## TASK TO CARRY OUT
When the line with "Все статичные объекты" turns up below, begin repeating exactly, and carry on through the line with "Genuine 9.13ct Amethyst"; no pictures go into the copy.

## RECORD SET
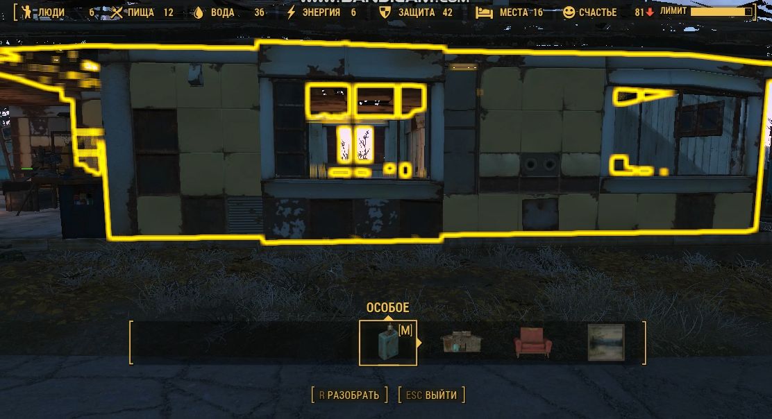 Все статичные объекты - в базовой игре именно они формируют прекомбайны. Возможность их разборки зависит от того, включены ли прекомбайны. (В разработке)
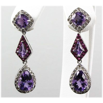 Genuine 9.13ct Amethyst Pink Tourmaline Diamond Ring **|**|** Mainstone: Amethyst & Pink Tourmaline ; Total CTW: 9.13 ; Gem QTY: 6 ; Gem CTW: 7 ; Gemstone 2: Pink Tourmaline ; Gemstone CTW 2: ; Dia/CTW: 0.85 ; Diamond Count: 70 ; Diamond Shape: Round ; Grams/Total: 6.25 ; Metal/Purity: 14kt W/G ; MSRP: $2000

--

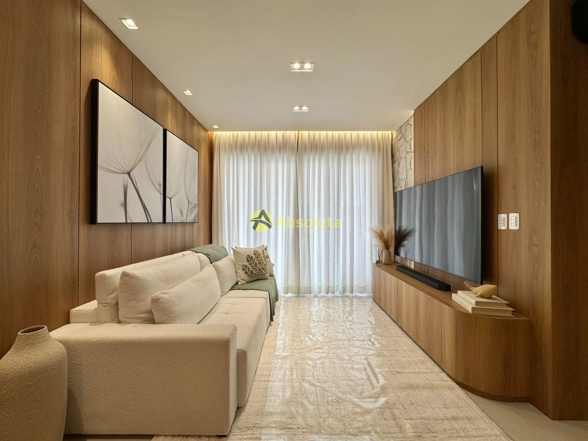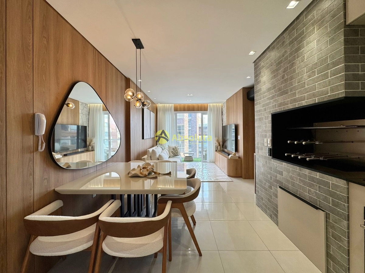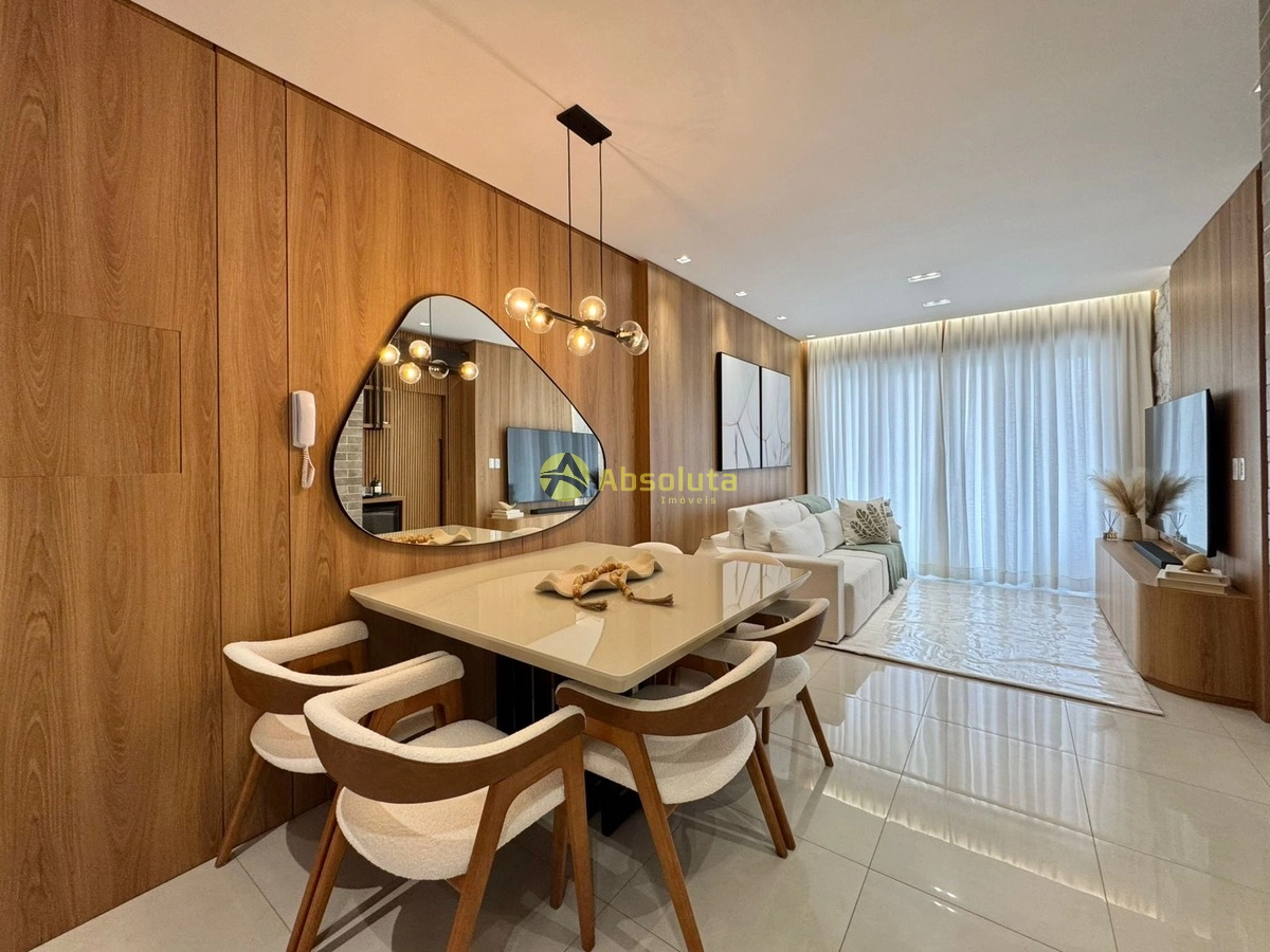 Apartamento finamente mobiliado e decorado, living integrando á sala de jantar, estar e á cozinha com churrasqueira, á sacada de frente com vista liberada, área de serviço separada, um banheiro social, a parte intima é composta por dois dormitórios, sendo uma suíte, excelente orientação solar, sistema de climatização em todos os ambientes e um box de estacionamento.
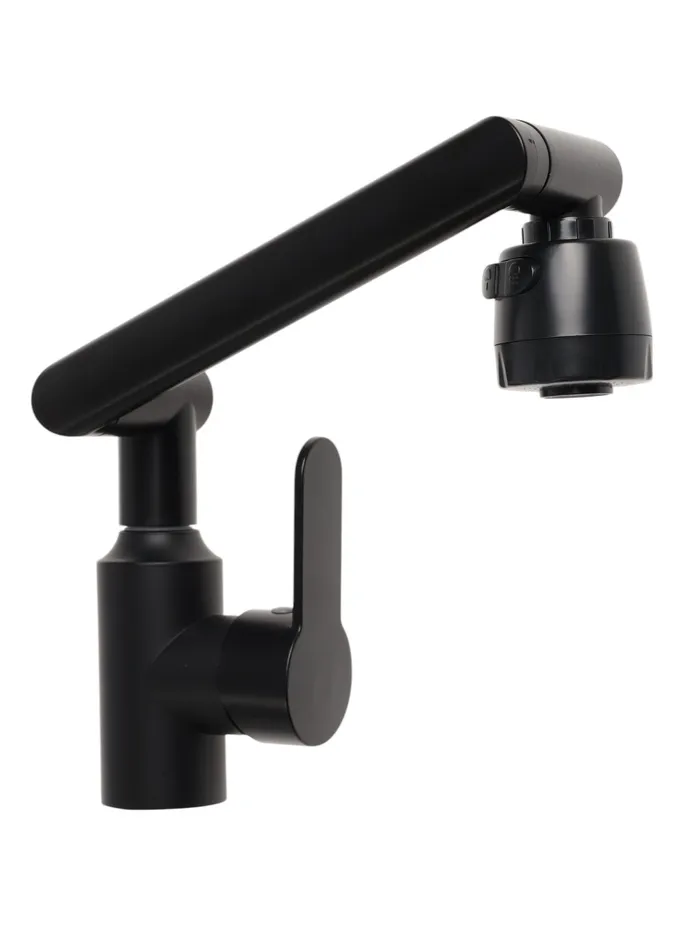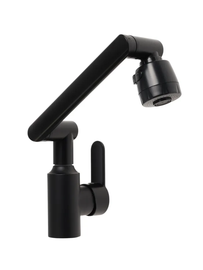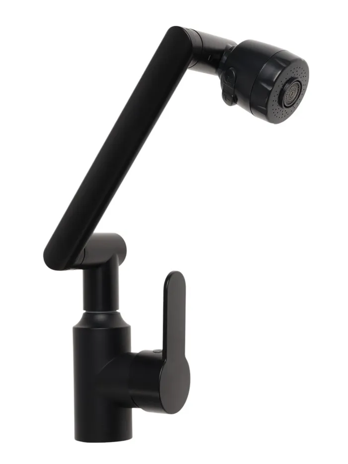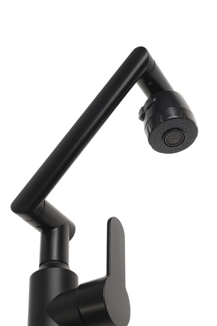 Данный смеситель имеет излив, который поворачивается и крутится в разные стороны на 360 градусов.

--

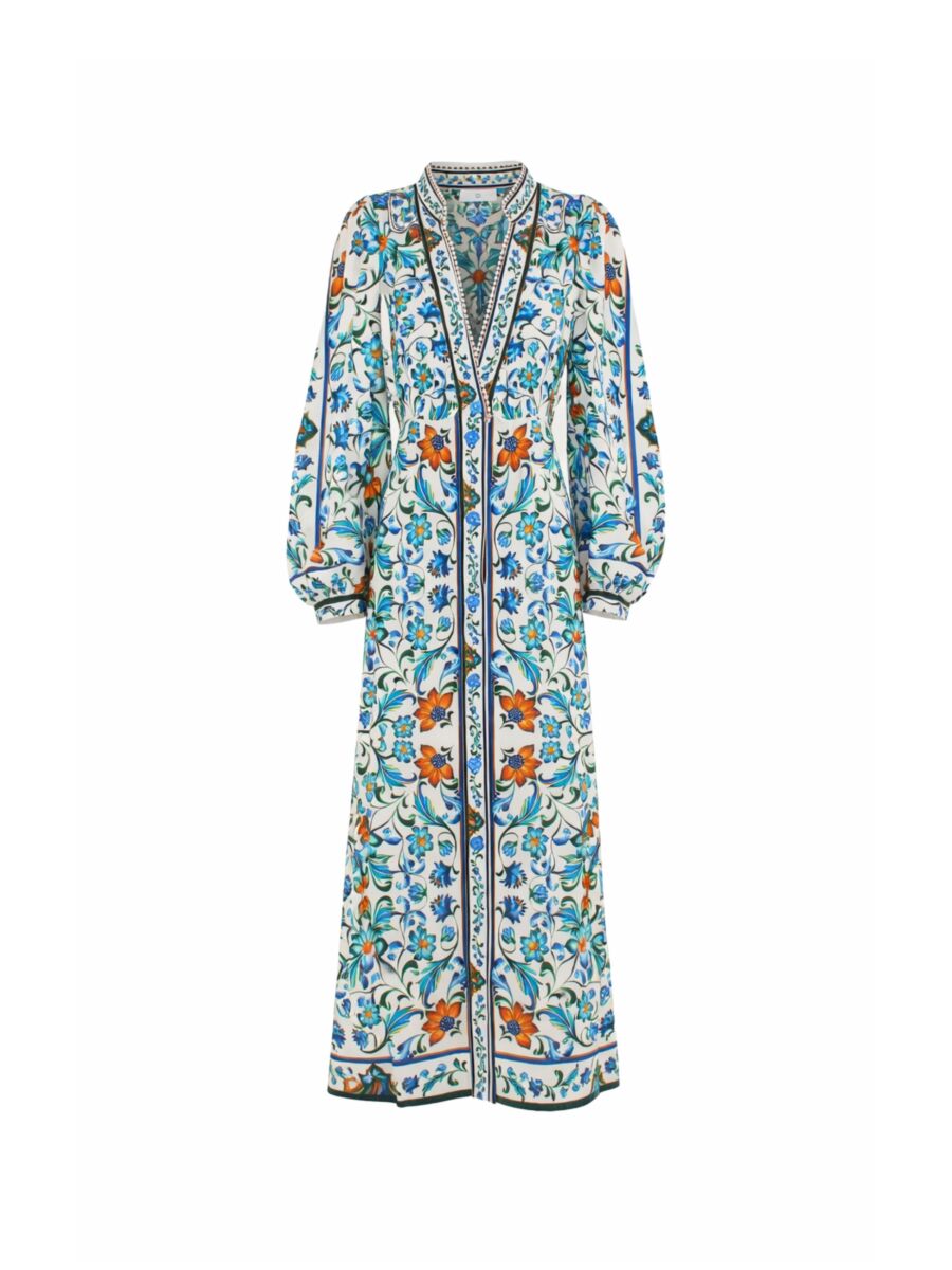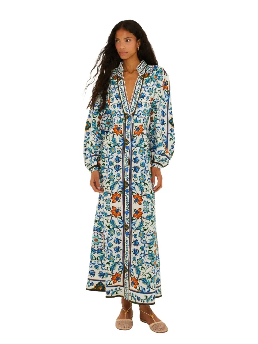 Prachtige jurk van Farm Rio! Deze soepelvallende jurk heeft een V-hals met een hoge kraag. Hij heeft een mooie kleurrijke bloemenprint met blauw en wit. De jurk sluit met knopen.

## ANSWER AREA
 Все статичные объекты - в базовой игре именно они формируют прекомбайны. Возможность их разборки зависит от того, включены ли прекомбайны. (В разработке)
 Genuine 9.13ct Amethyst Pink Tourmaline Diamond Ring **|**|** Mainstone: Amethyst & Pink Tourmaline ; Total CTW: 9.13 ; Gem QTY: 6 ; Gem CTW: 7 ; Gemstone 2: Pink Tourmaline ; Gemstone CTW 2: ; Dia/CTW: 0.85 ; Diamond Count: 70 ; Diamond Shape: Round ; Grams/Total: 6.25 ; Metal/Purity: 14kt W/G ; MSRP: $2000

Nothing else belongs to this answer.